There are a number of rather superficial reasons to scorn Greek life: The compulsory debauchery so necessary to its identity that the idea of a dry frat becomes a howling absurdity; the traditional sex roles that it reinforces (and the crowd hisses viciously at the “OPPRESSION!”); the fact that you don’t have to join, but can’t quite forget that it exists; and perhaps most stinging to the psyche of the GDI critic is the fact that, by nearly every measure, the members of the most prominent of these organizations are undeniably better than you. They’re prettier, richer, more muscular and more socially competent; they have more (and probably better) sex than you do, and are likely to be more successful in life than you will. But it would be too easy to write off condemnation of these Olympians by chalking it up to jealousy. No, the fundamental antagonism goes much deeper.
Before we get into that, I must again digress. Cornell University is an inherently progressive liberal institution in spite of its elite status. Hilarious paradoxes abound when one considers an institution that’s mission is the instruction of any individual in any field but that rejects more than four out of five applicants. Nevertheless, the University is founded upon liberal principles of reason and tolerance. One could even say that these principles form its “gospel.” Now there’s an interesting choice of word.
As a number of thinkers (including British philosopher John Gray) have demonstrated, one can draw a straight line in terms of intellectual lineage from the Protestant Reformation, through the Enlightenment to modern-day Liberal Progressivism. Bright-eyed utopianism descends from the Millenarian early Christians, who awaited the arrival of the City of God on Earth. Augustine attempted to reframe this quest as an inner, spiritual struggle the believers must overcome. However, the Protestant Reformation rediscovered this apocalyptic yearning for an end of time (my god, sounds like Fukuyama already), and insisted that man could help bring it about. It was this inspiration that led cults of crazies like the Puritans to set off to found New Jerusalem. With the secular humanist coup that thrust God out of the picture entirely, modern Progressives were born.

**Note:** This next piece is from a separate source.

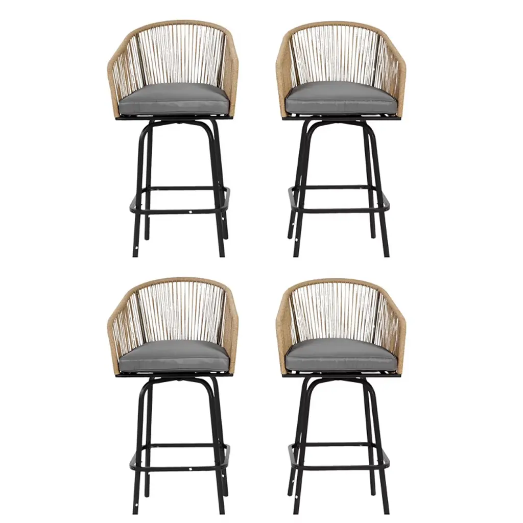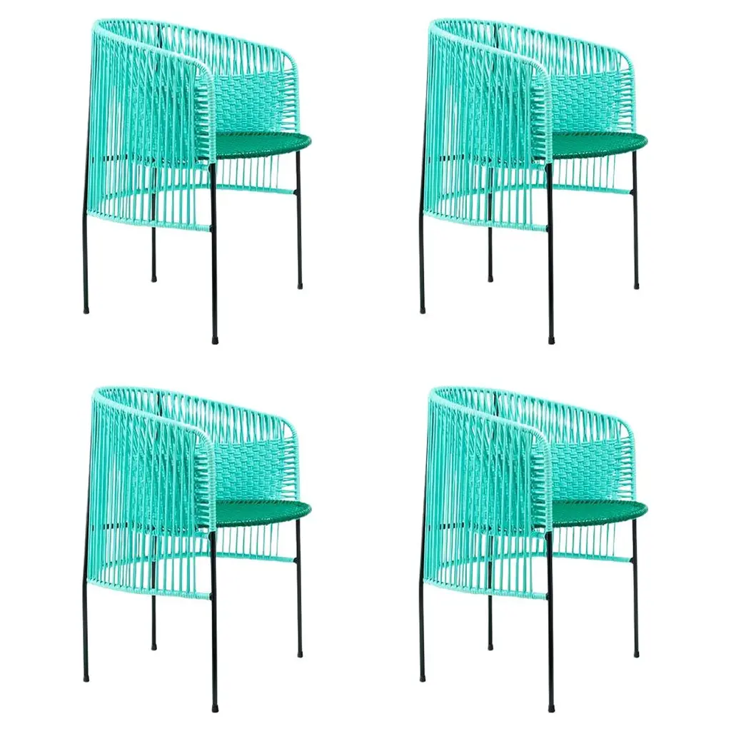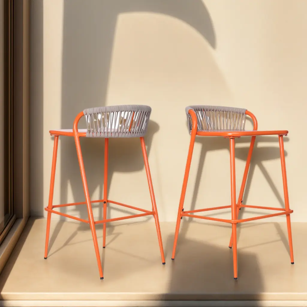 Set of 4 honey Cielo bar stool by Sebastian Herkner.Materials: galvanized and powder-coated tubular steel. PVC strings are made from recycled plastic.Technique: Made from recycled plastic and weaved by local craftspeople in Cartagena, Colombia. Dimensions: W 52 x D 46.6 x H 101 cm Also available colors: brown, mint/ black, black-black, olive/ menta, purple/ carne , honey/ menta.The Cielo bar stool is a light and versatile design by Sebastian Herkner. It’s ready for indoor and outdoor use and will spruce up bar counters at home or in hospitality spaces. Available in various color combinations, the stackable chair can also add personality to dining areas of restaurants or hotels. Like the daybed and lounge chairs of the collection, the colors and look are inspired by Sebastian’s visits to Colombia. There, he not only immersed himself in the culture and beauty of the country but also met the local Ames artisans and learned about their traditional weaving techniques.Each armchair is made in Santa Marta, a city on the Caribbean coast of Colombia, by local craftspeople. They weave the PVC strings, which are made from recycled plastic, around a powder-coated tubular steel frame. The weaving technique the artesanos and artesanas use are called Momposino, a traditional method known for intricate patterns. Just the preparation of all the materials takes ten days, while the production of each armchair takes three days.German designer Sebastian Herkner is a long-term collaborator of Ames and has visited Colombia multiple times to experience the country’s cities, nature and people first hand. He also visited many of the ateliers that Ames has partnered with to learn about the unique traditional crafts of Colombia's regions. A sought-after contemporary designer and recipient of many industry awards, he has worked with many international design brands, creating intriguing pieces that showcase his intuition for interesting material, color, and texture combinations.

In marked contrast, fraternal organizations at American universities owe their origins to Masonic societies. Despite the Christian decals that have been grafted to its surface, Freemasonry harks back to the Greco-Roman mystery cults of Antiquity. In other words, the core of the Hellenic tradition, with its symbols, its rites, its secrets, are irrefutably pagan.
Framed in these terms, Christo-liberal persecution of quasi-pagans is hardly a new phenomenon. Liberalism is a totalizing force that seeks to expunge any and all vestiges of intolerance via conversion to the one true faith. The Greeks found their societies upon the premise of exclusion, and thus will always find themselves in the crosshairs of liberal critique. Equality cannot be achieved so long as these illiberal enclaves of individuals, reveling in their demonstrable superiority, exist. Similarly, the City of God cannot be brought about so long as the suburbs of Sodom and Gomorrah orbit it. The heathens must be converted, banished or cleansed in holy fire.
In practical terms, the heart of the matter is this: In our microcosmic world, is there such a thing as a right to be left alone? Could President Skorton wash his hands of the whole ordeal, provided he scrubbed hard enough? I’m sure that some sort of legal witchcraft could be cooked up to institute a separation between Church — I mean — School and Frat, but could the institution’s conscience permit such a thing? A look at the history of liberalism provides a clear answer: No. Totalizing worldviews are antithetical to basic negative liberties. The meek have indeed inherited the Earth, and none shall oppose them. Progress marches on.